### Requirement
For this listing, the lines between the one holding "Alexandr Uggé Praha" and the one holding "[root@oracle19c ~]# mount", inclusive, must be set down exactly.

### Records for this exercise
↓
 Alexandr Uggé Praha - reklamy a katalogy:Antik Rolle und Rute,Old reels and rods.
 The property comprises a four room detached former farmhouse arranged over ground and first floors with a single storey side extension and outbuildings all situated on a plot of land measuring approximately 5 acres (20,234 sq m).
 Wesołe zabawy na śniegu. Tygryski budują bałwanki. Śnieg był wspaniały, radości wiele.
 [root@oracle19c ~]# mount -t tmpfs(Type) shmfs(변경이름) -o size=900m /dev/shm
↑
↓
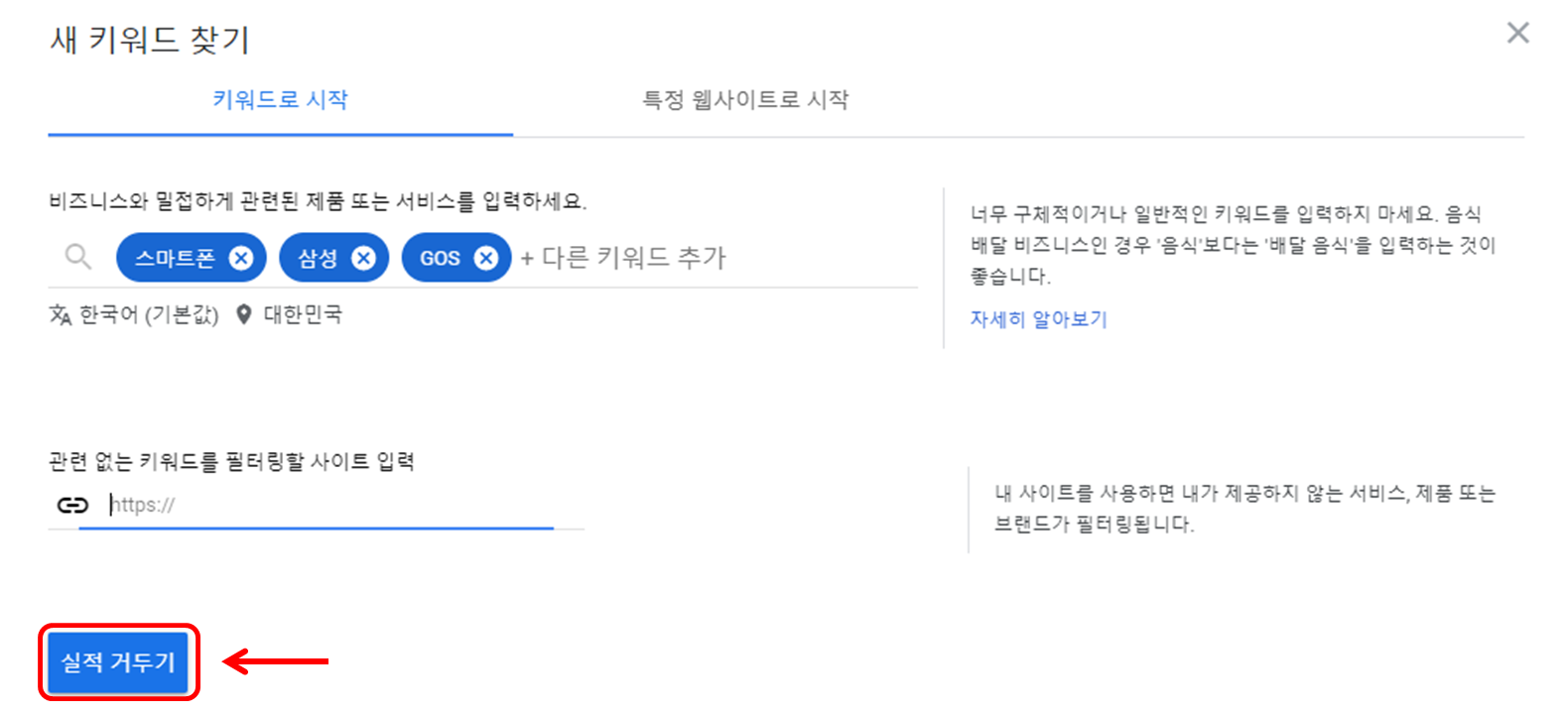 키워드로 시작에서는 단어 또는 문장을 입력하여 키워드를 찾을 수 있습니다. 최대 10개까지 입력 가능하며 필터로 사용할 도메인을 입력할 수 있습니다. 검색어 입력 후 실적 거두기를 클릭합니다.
↑
### Response
 Alexandr Uggé Praha - reklamy a katalogy:Antik Rolle und Rute,Old reels and rods.
 The property comprises a four room detached former farmhouse arranged over ground and first floors with a single storey side extension and outbuildings all situated on a plot of land measuring approximately 5 acres (20,234 sq m).
 Wesołe zabawy na śniegu. Tygryski budują bałwanki. Śnieg był wspaniały, radości wiele.
 [root@oracle19c ~]# mount -t tmpfs(Type) shmfs(변경이름) -o size=900m /dev/shm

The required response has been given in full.